For two years, the Flash Crash was HFT’s biggest black eye. Then last August, Knight Capital crippled itself. Traders have taken to calling the implosion “the Knightmare.” Until about 9:30 a.m. on the morning of Aug. 1, 2012, Knight was arguably one of the kings of HFT and the largest trader of U.S. stocks. It accounted for 17 percent of all trading volume in New York Stock Exchange (NYX)-listed stocks, and about 16 percent in Nasdaq listings among securities firms.

When the market opened on Aug. 1, a new piece of trading software that Knight had just installed went haywire and started aggressively buying shares in 140 NYSE-listed stocks. Over about 45 minutes that morning, Knight accidentally bought and sold $7 billion worth of sharesabout $2.6 million a second. Each time it bought, Knight’s algorithm would raise the price it was offering into the market. Other firms were happy to sell to it at those prices. By the end of Aug. 2, Knight had spent $440 million unwinding its trades, or about 40 percent of the company’s value before the glitch.

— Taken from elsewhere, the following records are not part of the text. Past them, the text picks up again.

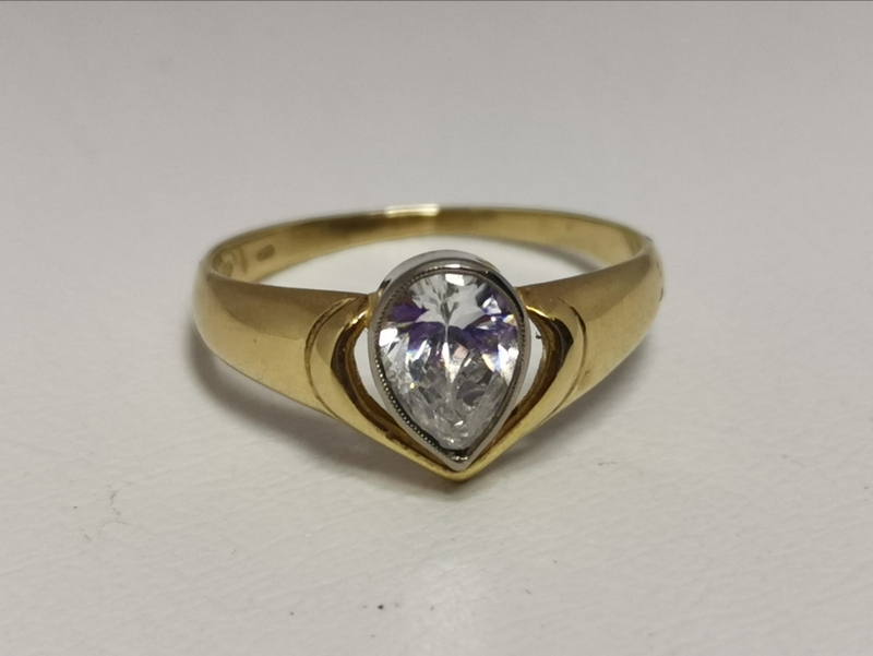 Krásný zlatý prsten ze žlutého zlata, zdobený velkým zirkonem ve tvaru kapky, která je zasazená v bílém zlatě. Je moderního designu. Velikost 54 patří mezi velikosti normálního prstu. Prsten můžeme nosit samotný, tím podtrhneme jeho krásu. Ale může být také doplněn ostatními menšími prsteny, ze kterých bude vynikat.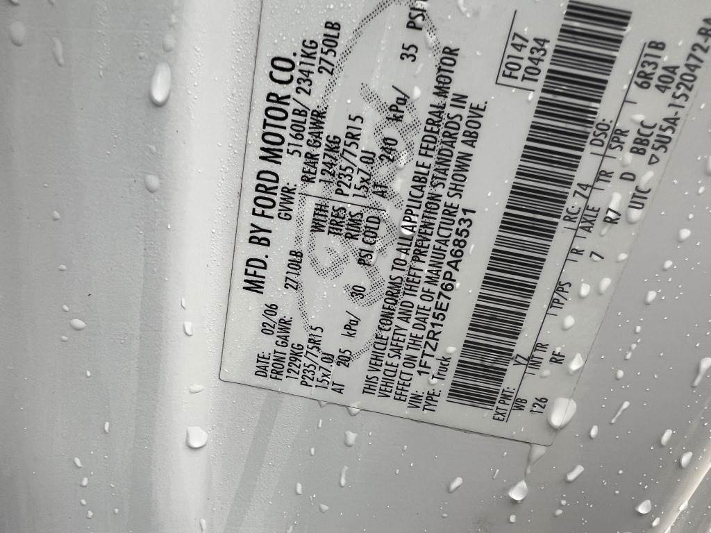 Location: Washougal WA ***County Government Surplus*** VIN: 1FTZR15E76PA68531 Engine: 4.0L 6cyl Gas Transmission: Automatic 6' Bed, Gem Top truck cap w/roof cross bars, A/C, AM/FM/CD, spring suspension, 235/75R15 tires.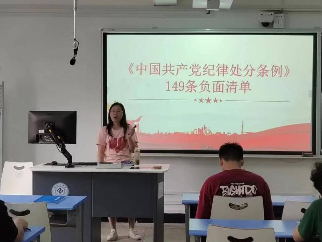 蔡玲为学生党员解读《中国共产党纪律处分条例》负面清单,帮助学生第一党支部的同志们更好地学习《中国共产党纪律处分条例》。课上,她引用警示教育典型案例为学生党支部开展党纪教育,以事实告诫青年学生党员“青春不能任性”。她号召青年学生党员学《条例》、守底线,做有理想、敢担当、能吃苦、肯奋斗的新时代好青年。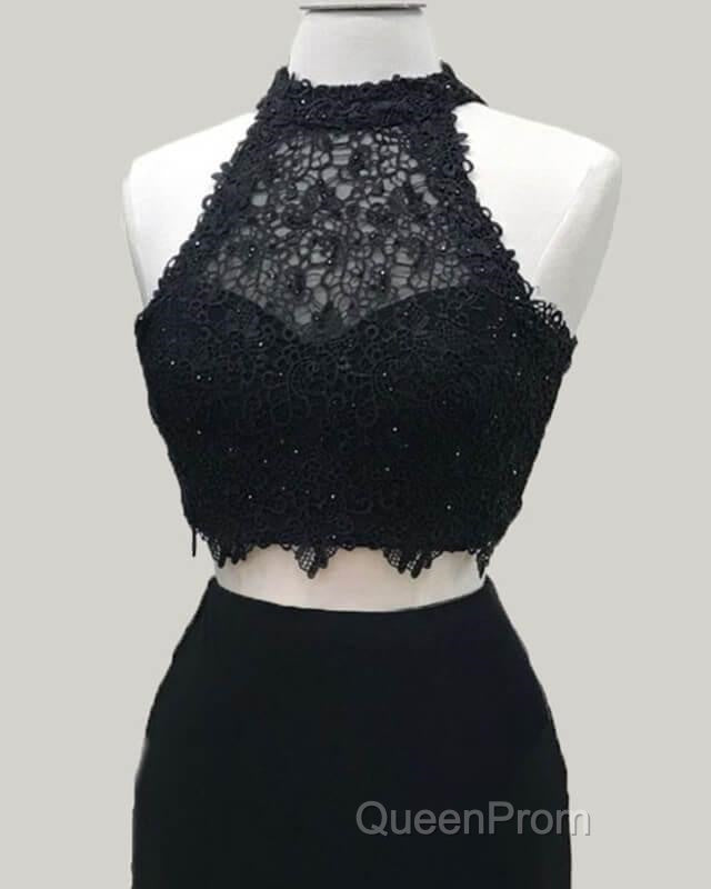 Two Piece Black Homecoming Dresses Lace Crop Top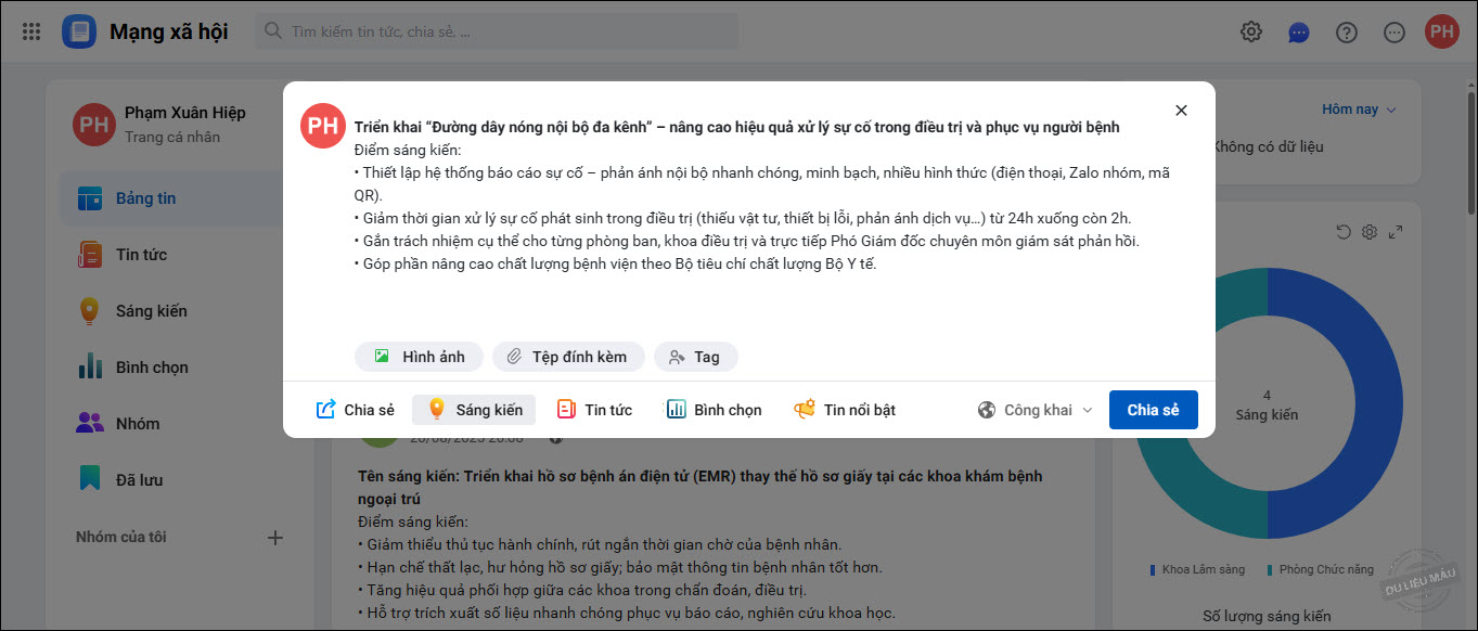5. Có thể vào phân hệ Sáng kiến để xem tất cả các bài đăng sáng kiến đã được chia sẻ trong đơn vị.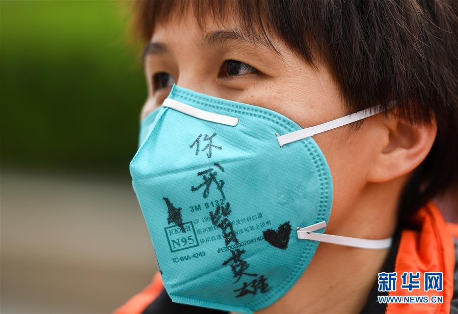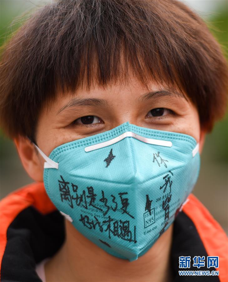 3月23日,广东第14批援鄂医疗队队员、广东佛山市南海区妇幼保健院的张秋萍在口罩上写上了一些告别的话语。 新华社记者 陈晔华 摄
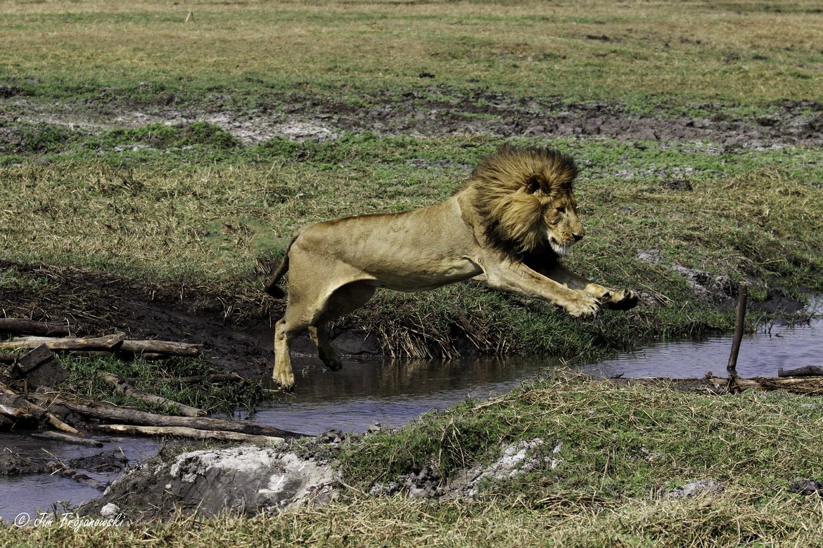 While on safari with Nat Hab, photographer Jim Trojanwoski photographed this lion who decided to cross a narrow waterway near Busanga Bush Camp.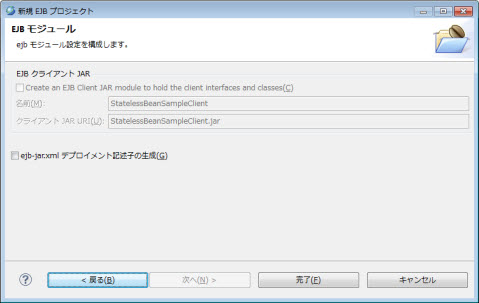 | EJB プロジェクト | 新規作成したプロジェクトを選択します。 | 選択されたプロジェクト名です。 |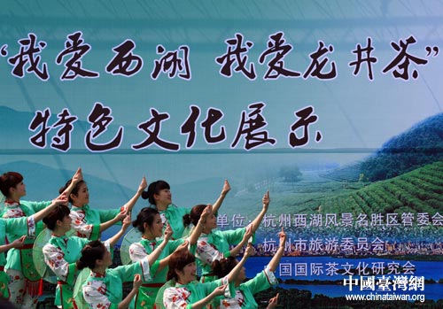 30日上午,2009年“我愛西湖,我愛龍井茶”西湖龍井茶特色展示活動(dòng)在杭州市涌金廣場隆重舉行。圖為活動(dòng)開始前的精彩文藝表演。(中國臺(tái)灣網(wǎng) 田云鵬 攝)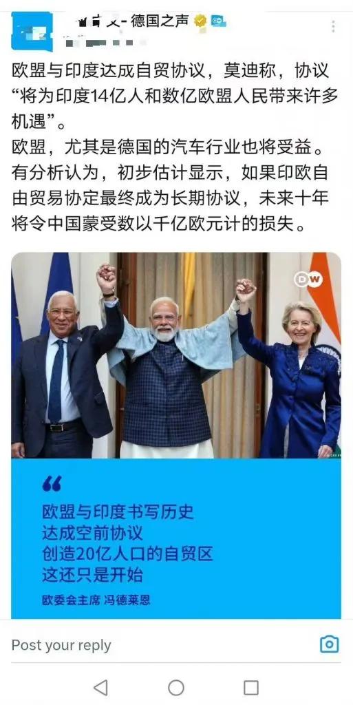 欧盟和印度达成自贸协议,双方都很兴奋,声称未来10年将让中国遭受数以千亿欧元计的

Knight is being acquired by Chicago-based Getco, one of the leading high-frequency market-making firms, and for years considered among the fastest. The match, however, is one of two ailing titans. On April 15, Getco revealed that its profits had plunged 90 percent last year. With 409 employees, it made just $16 million in 2012, compared with $163 million in 2011 and $430 million in 2008. Getco and Knight declined to comment for this story.

Getco’s woes say a lot about another wound to high-frequency trading: Speed doesn’t pay like it used to. Firms have spent millions to maintain millisecond advantages by constantly updating their computers and paying steep fees to have their servers placed next to those of the exchanges in big data centers. Once exchanges saw how valuable those thousandths of a second were, they raised fees to locate next to them. They’ve also hiked the prices of their data feeds. As firms spend millions trying to shave milliseconds off execution times, the market has sped up but the racers have stayed even. The result: smaller profits. “Speed has been commoditized,” says Bernie Dan, CEO of Chicago-based Sun Trading, one of the largest high-frequency market-making trading firms.

No one knows that better than Steve Swanson. By the time he left Citi in 2010, HFT had become a crowded space. As more firms flooded the market with their high-speed algorithms, all of them hunting out inefficiencies, it became harder to make money—especially since trading volumes were steadily declining as investors pulled out of stocks and poured their money into bonds. Swanson was competing for shrinking profits against hundreds of other speed traders who were just as fast and just as smart. In September 2012, TCV decided not to invest in the final round. A month later, Swanson pulled the plug.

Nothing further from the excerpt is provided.